The association between the incidence of RA among AYAs and SDI at the regional level from 1990 to 2019 (A) and national level at 2019 (B). RA = rheumatoid arthritis. AYAs = adolescents and young adults. SDI = social development index.

https://doi.org/10.1371/journal.pone.0302140.g004

The analysis at the national level found that there is a nonlinear relationship between the incidence rate and SDI, and the high burden of RA not only exists in developed countries, but also in underdeveloped countries. The incidence rates in Puerto Rico, the UK, Uzbekistan, Brazil, Uzbekistan, Honduras, Nicaragua, Pakistan, Nepal, and many other countries are much higher than expected. In contrast, many countries, such as Norway, the United Arab Emirates, Qatar, Sri Lanka, Nigeria, Senegal, have lower than expected incidence rates (Fig 4B).

Discussions

RA is a chronic inflammatory condition that not only affects the musculoskeletal system but also has negative impacts on multiple systems and organs in the body, as highlighted in several studies [1, 14–16]. Therefore, early intervention and treatment for RA in AYAs is of utmost importance. Several studies have investigated the global burden and trends of RA in adolescents and young adults [9, 17], but to our knowledge, this study is the first systematic evaluation of the global burden and trends of RA in adolescents and young adults across 204 countries and territories from 1990 to 2019.

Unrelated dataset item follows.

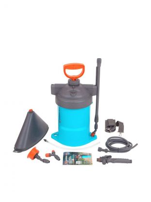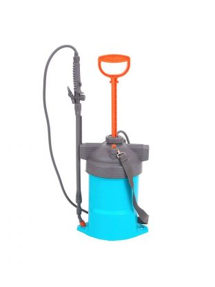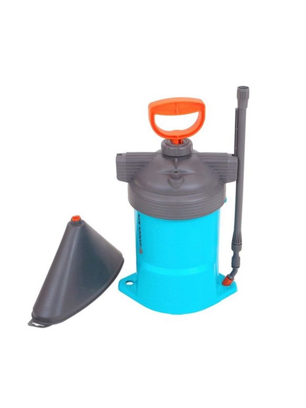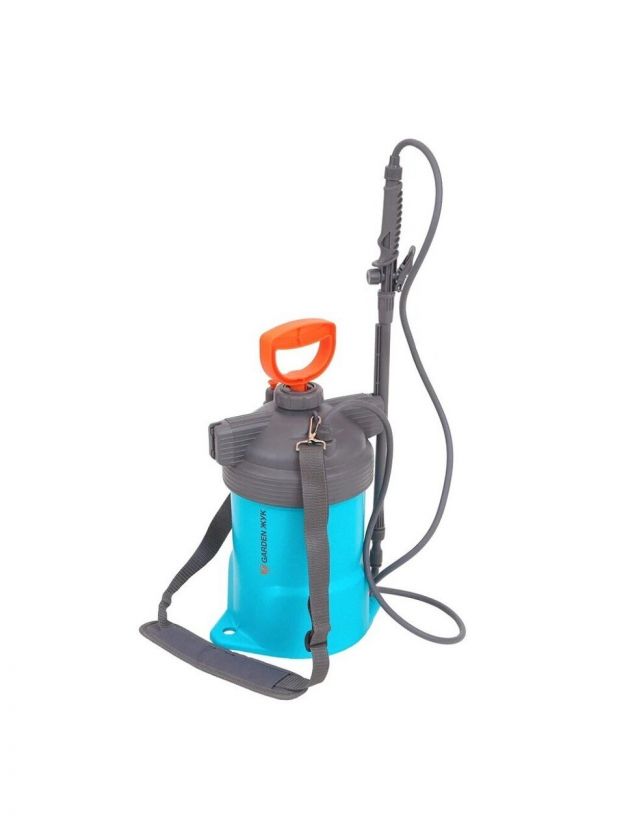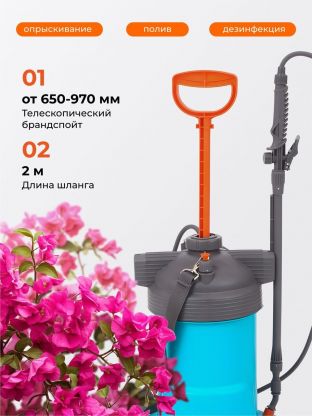 - Фиксатор на брандспойте делает работу удобнее, позволяя не держать кнопку постоянно нажатой. Устойчивый бак предотвращает опрокидывание опрыскивателя.

The study revealed that in 2019, the global incidence of RA in adolescents was 5.41 per 100 000 population, and the prevalence was 36.34 per 100 000 population. Compared to 1990, these rates increased by 8.63% and 6.54%, respectively. Although there was a slight decrease of 2.94% in DALYs rate between 1990 and 2019, the change was not statistically significant. Overall, the trend of RA incidence and disease burden in the adolescent population remains concerning, necessitating more effective intervention measures to curb this phenomenon and reduce future disease burden.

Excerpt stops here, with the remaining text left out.